*Information shown*:
════

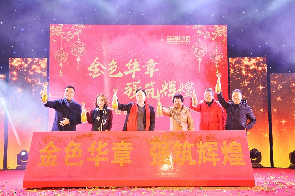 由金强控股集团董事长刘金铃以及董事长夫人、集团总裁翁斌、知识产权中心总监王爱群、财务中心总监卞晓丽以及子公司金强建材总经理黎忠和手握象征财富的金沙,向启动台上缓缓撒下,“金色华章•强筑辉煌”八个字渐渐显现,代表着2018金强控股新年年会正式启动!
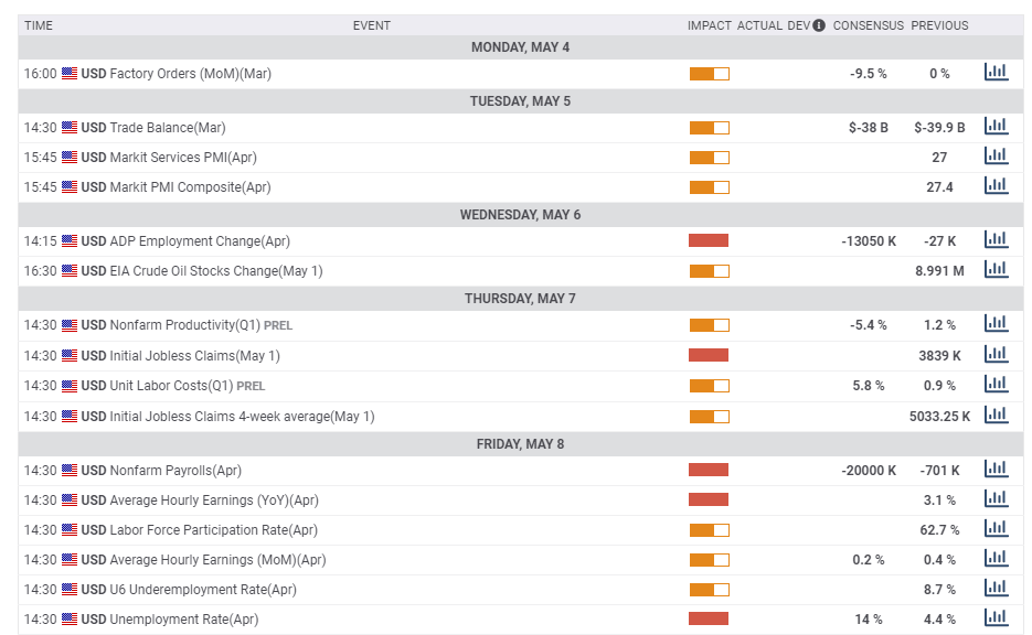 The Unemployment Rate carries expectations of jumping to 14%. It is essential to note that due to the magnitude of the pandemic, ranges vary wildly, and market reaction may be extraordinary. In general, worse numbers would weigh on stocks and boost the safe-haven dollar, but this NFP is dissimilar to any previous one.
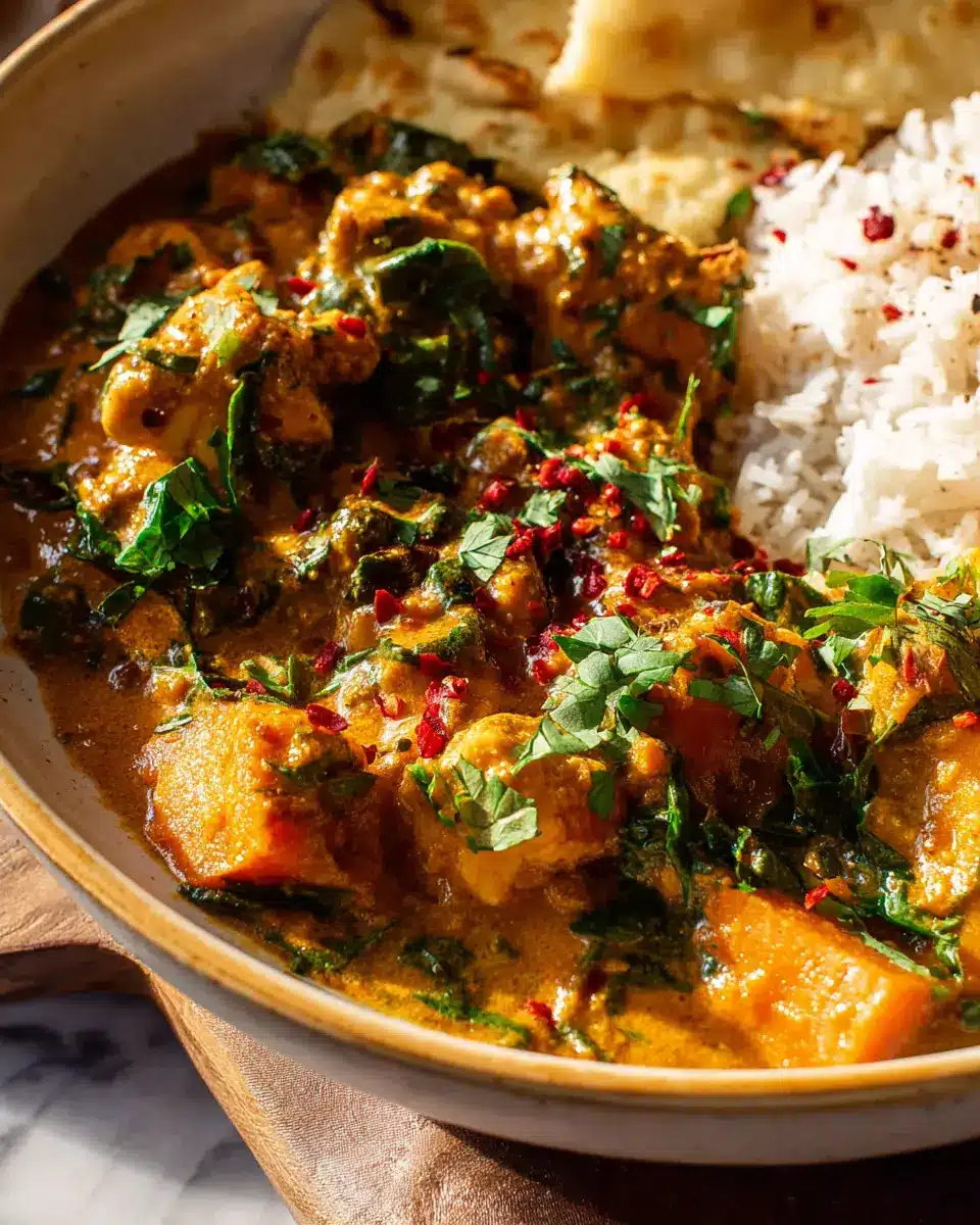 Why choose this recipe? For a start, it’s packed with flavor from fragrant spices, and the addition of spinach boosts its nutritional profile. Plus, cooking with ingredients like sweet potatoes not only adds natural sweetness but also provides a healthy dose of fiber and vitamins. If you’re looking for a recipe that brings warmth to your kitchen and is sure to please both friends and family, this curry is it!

════

*What you have to do*: Every line above should be copied exactly; do not carry over the pictures.

*Answer section*:
 由金强控股集团董事长刘金铃以及董事长夫人、集团总裁翁斌、知识产权中心总监王爱群、财务中心总监卞晓丽以及子公司金强建材总经理黎忠和手握象征财富的金沙,向启动台上缓缓撒下,“金色华章•强筑辉煌”八个字渐渐显现,代表着2018金强控股新年年会正式启动!
 The Unemployment Rate carries expectations of jumping to 14%. It is essential to note that due to the magnitude of the pandemic, ranges vary wildly, and market reaction may be extraordinary. In general, worse numbers would weigh on stocks and boost the safe-haven dollar, but this NFP is dissimilar to any previous one.
 Why choose this recipe? For a start, it’s packed with flavor from fragrant spices, and the addition of spinach boosts its nutritional profile. Plus, cooking with ingredients like sweet potatoes not only adds natural sweetness but also provides a healthy dose of fiber and vitamins. If you’re looking for a recipe that brings warmth to your kitchen and is sure to please both friends and family, this curry is it!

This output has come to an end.